- [WHAT THE EXERCISE ASKS] Your copy should hold only the lines from the one with "城内は山林化している。少し歩" to the one with "н.бассейн для детей", both included, each exactly as it stands below, with no pictures.

(Records contained in a dataset)
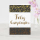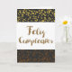 Ett svart och guld-spanskt födelsedagskort med guld konetti-format i bakgrunden med "Feliz Cumpleanos" hälsning i ett utkast från guld glitter. Observera att det inte finns någon egentlig glitter, utan en glitter-designeffekt. Du kan anpassa det inre meddelandet om du vill.
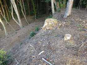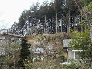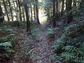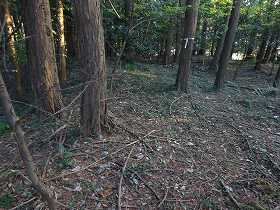 城内は山林化している。少し歩いてみたが、明確に遺構と分かるようなものはなかった。高さ1mほどの微妙な段差があり(写真)、あるいはこれが遺構なのかもしれないが、断定できるようなものではない。
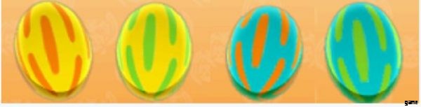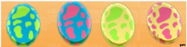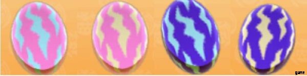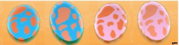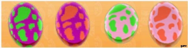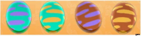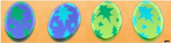 イアンクックの卵は、イアンガルーガの卵と同じまだら模様です。また、青/薄紫、シアン/薄紫、青/黄、シアン/黄のいずれかの色があります。
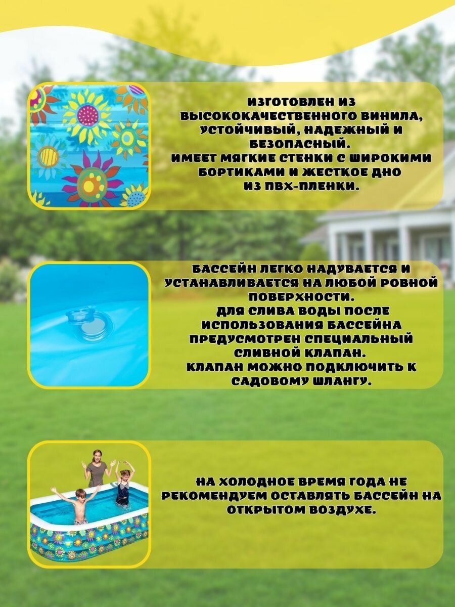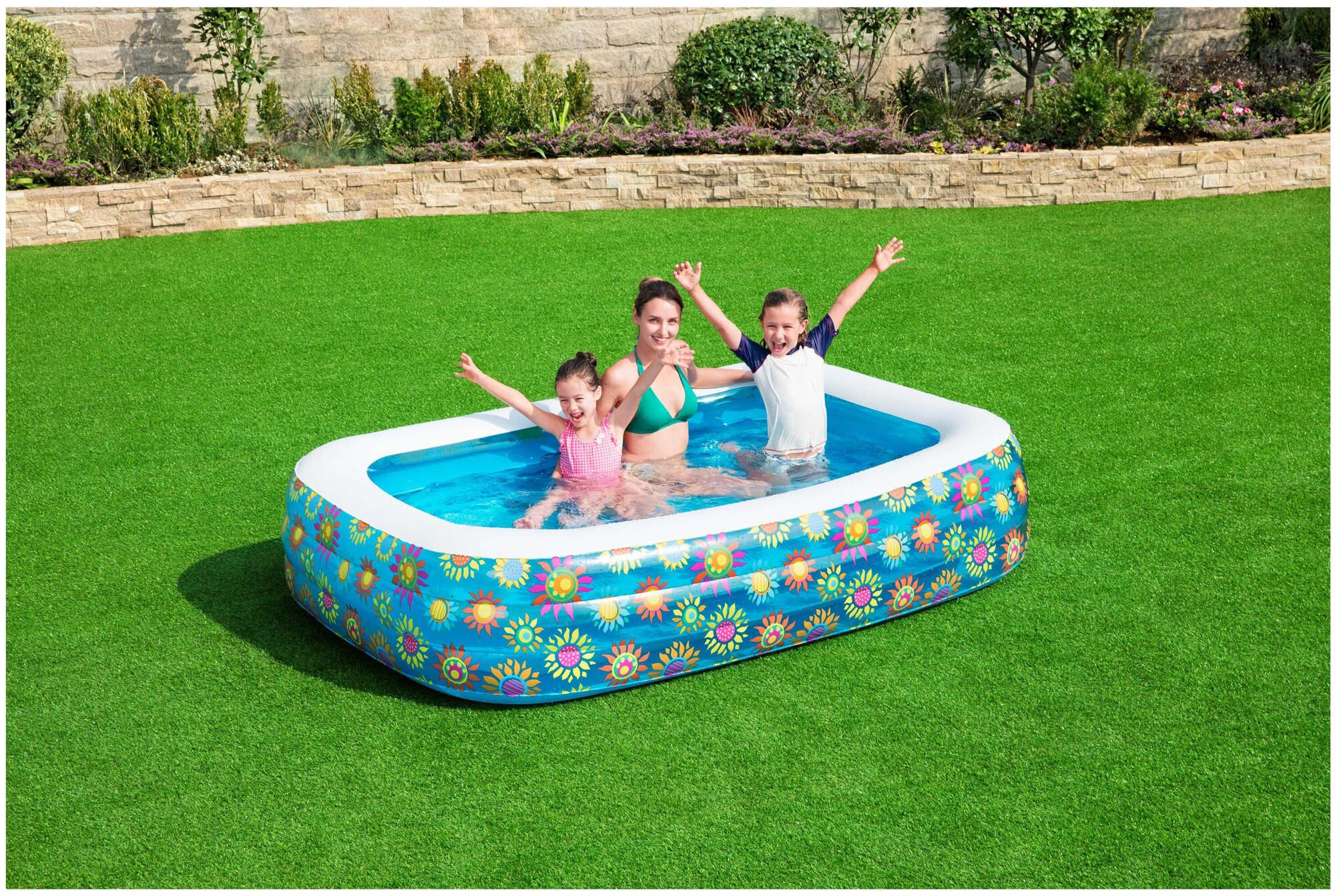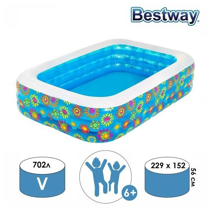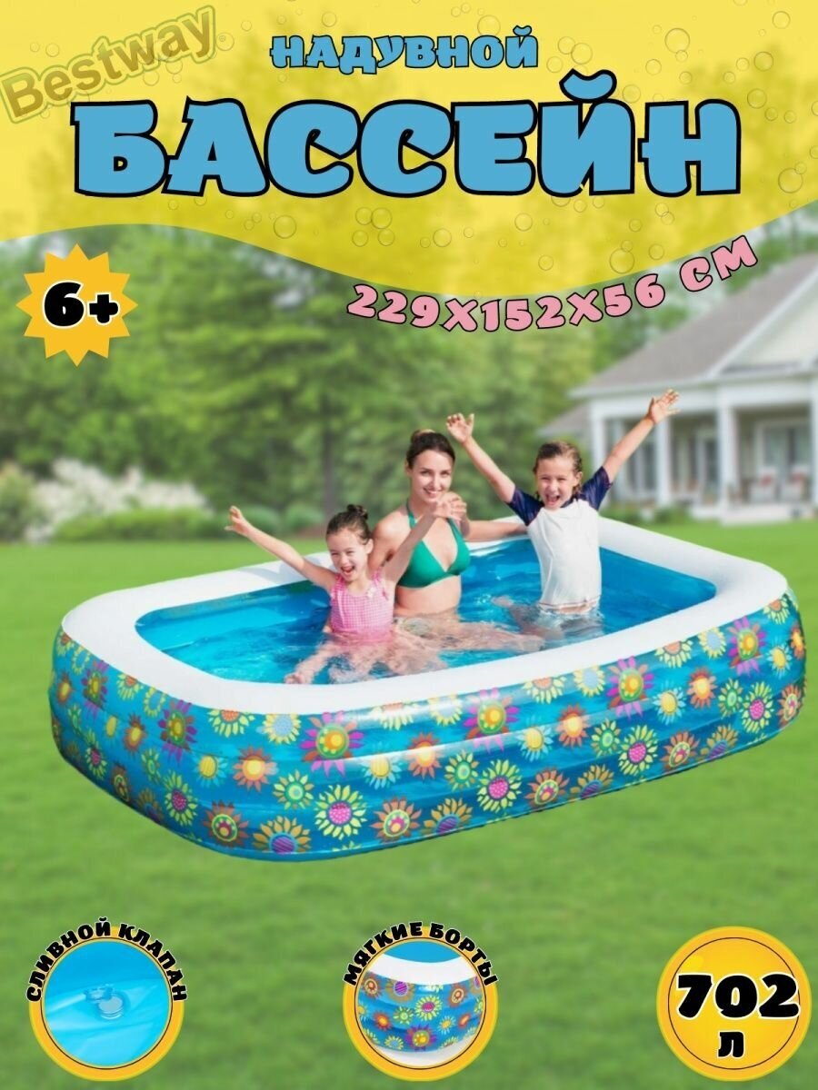 н.бассейн для детей Подводный мир 229х152х56см Bestway Детский надувной 229х152х56см "Счастливая Флора" 702л, от 6 лет (голубой)
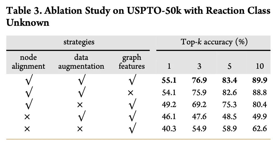 Ablation studies further validate the importance of node alignment, data augmentation, and time-varying graph features in enhancing model performance. By leveraging the Uni-Mol encoder, NAG2G efficiently handles and accurately predicts complex chemical reactions.
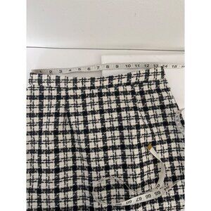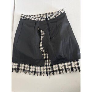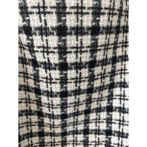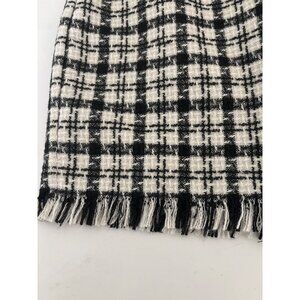 Preppy Tweed Plaid Skirt Large Mini Black & White Checkered Fringe Hem Classic
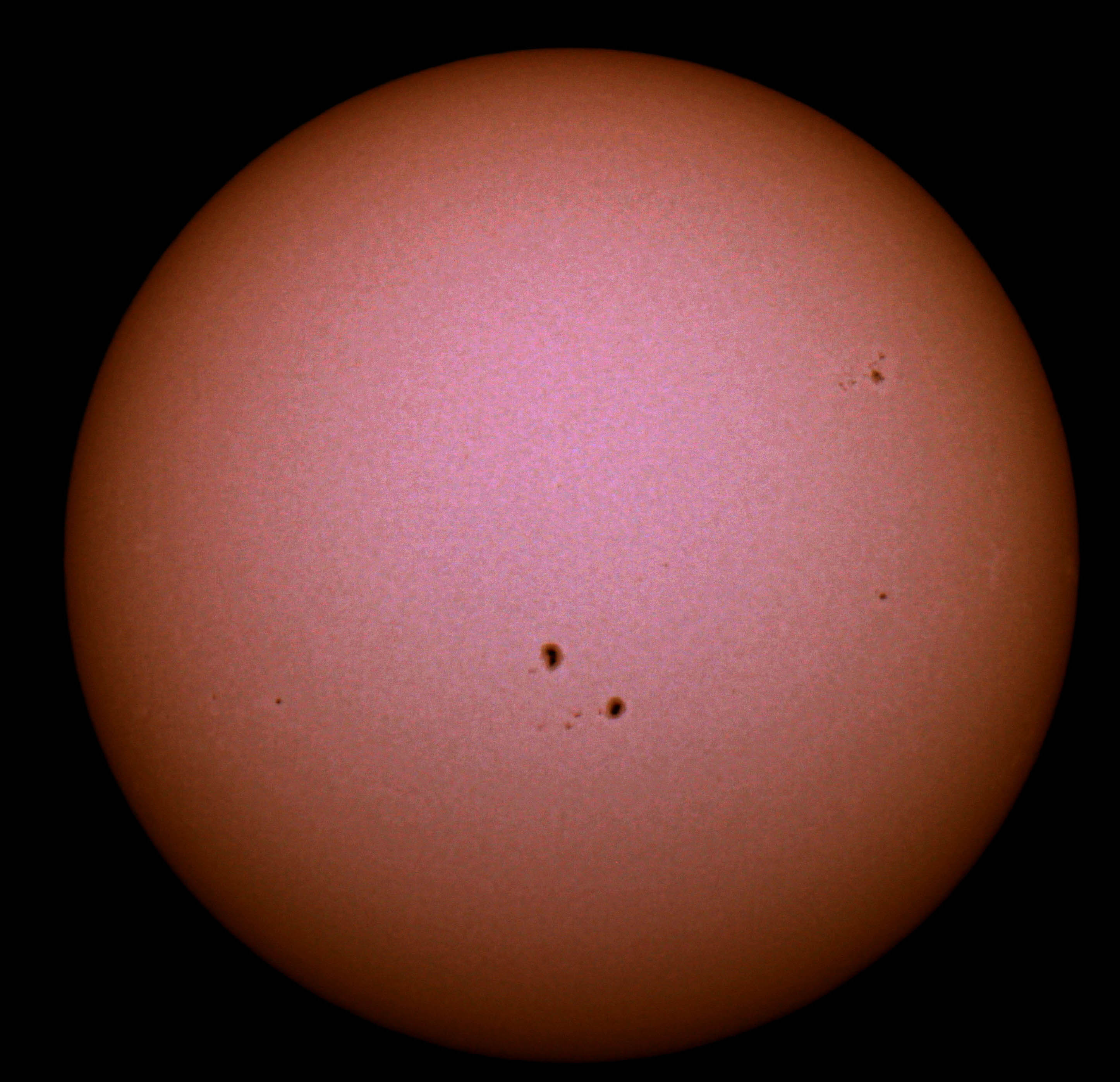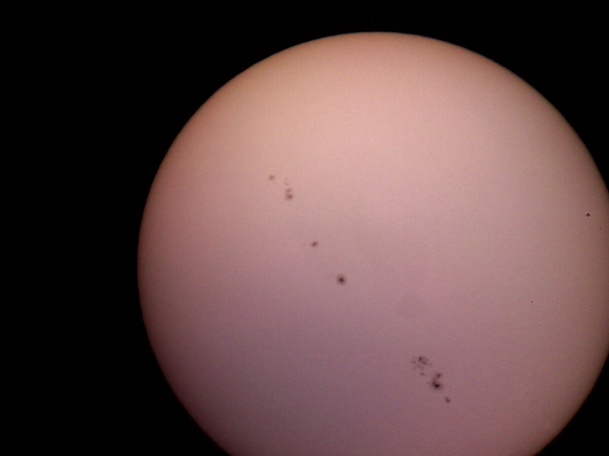 Совершенно верно, цикл солнечной активности близится к завершению и пятна появляются в основном вдоль экватора Солнца. И хотя сматрфоном трудно попасть в резкость, пятна прекрасно различимы и наглядно "опоясявают" наше светило. Спасибо за снимок.
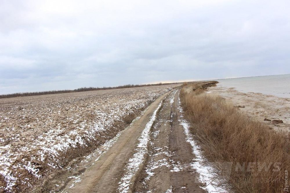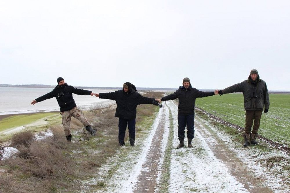Сотрудники НПП «Тузловские лиманы", взявшись за руки, показывают остатки прибрежной полосы в нацпаркеОдесская область может лишиться журавлей — фермеры распахивают заповедные земли, куда они прилетают
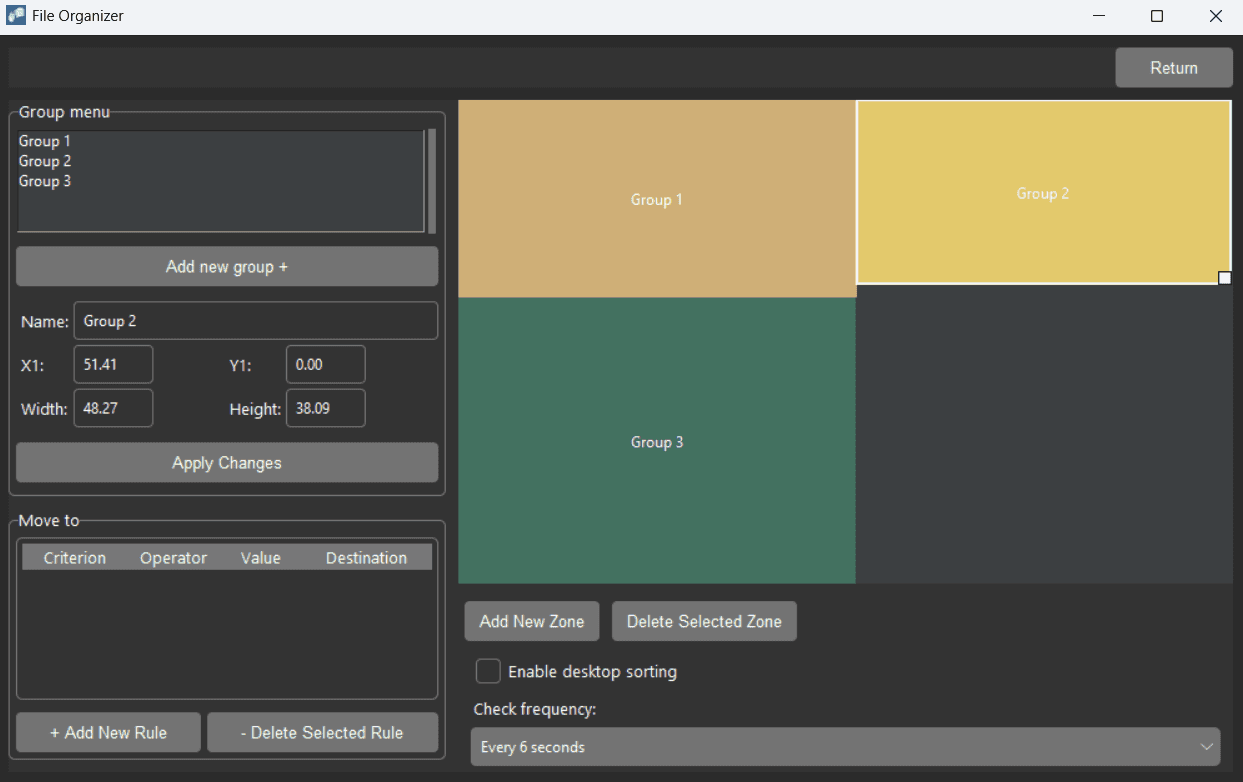 Define desktop zones by visually drawing them or entering coordinates. Configure rules to filter files based on a single attribute – Name, Extension, Size, or Date – and automatically move them to a designated Zone or absolute path. You have full control over the check frequency, with intervals ranging from 6 seconds to 12 hours.
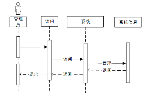 管理员通过访问系统发起请求,系统接收访问后转向系统信息模块进行管理操作。管理完成后,系统返回管理结果至系统,最终反馈给管理员,管理员可选择退出。管理员管理系统信息时序图如图4-6所示。
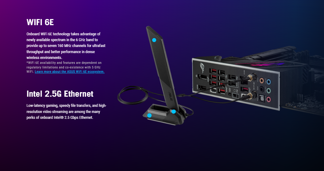 Wi-Fi 6E 2×2 Wi-Fi 6E (802.11 a/b/g/n/ac/ax)  Supports 2.4/5/6GHz frequency band Bluetooth v5.2 * WiFi 6E 6GHz regulatory may vary between countries.
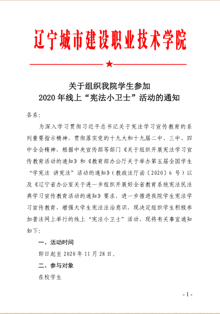 关于组织我院学生参加2020年线上“宪法小卫士”活动的通知
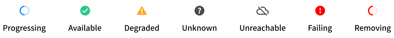 - Degraded - One of the cluster components is unhealthy. Some features may not be available.
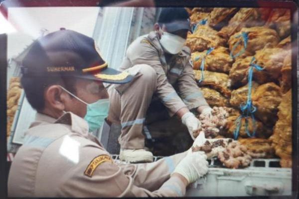 katakini.com - Badan Karantina Pertanian, Kementerian Pertanian (Kementan) memusnahkan jahe impor asal Myanmar dan Vietnam. Totalnya 108 ton, masing-masing 54 ton dari kedua negara yang termuat dalam empat kontainer.
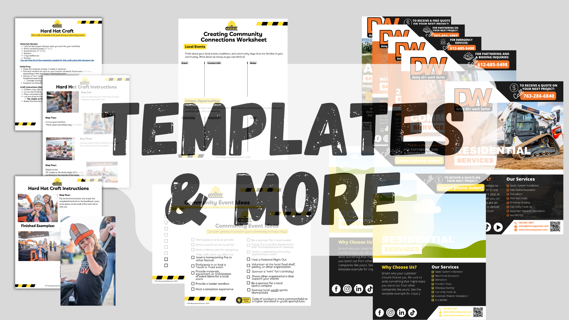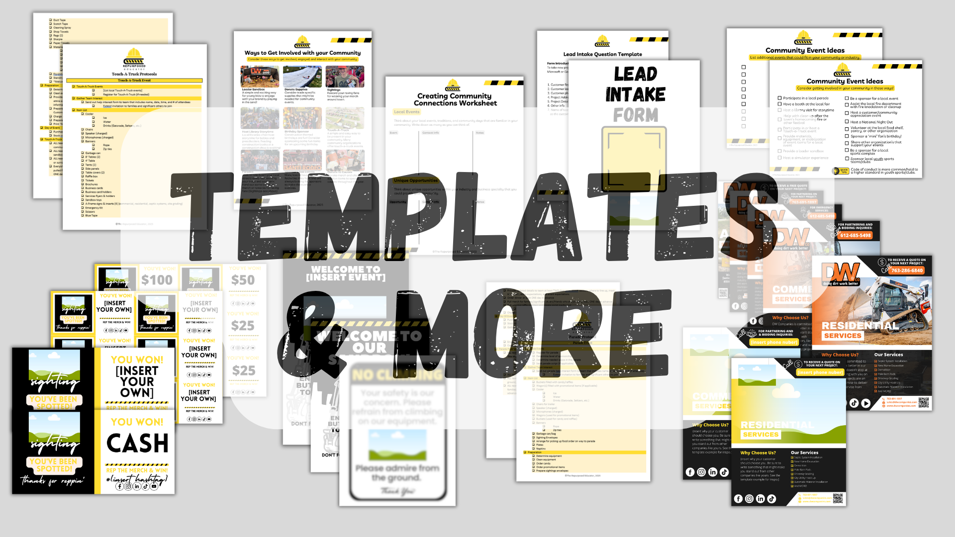 Includes: • Service Flyer Template • Service Flyer Examples • Equipment Safety Sign Template • Creating Community Connections Worksheet • Community Event Ideas Worksheets • Ways to Get Involved with you Community • Company Sighting Coupon Template • Lead Intake Form Questions & Sign Template • Parade Protocol Template • Touch-A-Truck Protocol Template • Loader Sandbox Signs Template Pillar: Community Impact

- [FINISHED EXERCISE]
 城内は山林化している。少し歩いてみたが、明確に遺構と分かるようなものはなかった。高さ1mほどの微妙な段差があり(写真)、あるいはこれが遺構なのかもしれないが、断定できるようなものではない。
 イアンクックの卵は、イアンガルーガの卵と同じまだら模様です。また、青/薄紫、シアン/薄紫、青/黄、シアン/黄のいずれかの色があります。
 н.бассейн для детей Подводный мир 229х152х56см Bestway Детский надувной 229х152х56см "Счастливая Флора" 702л, от 6 лет (голубой)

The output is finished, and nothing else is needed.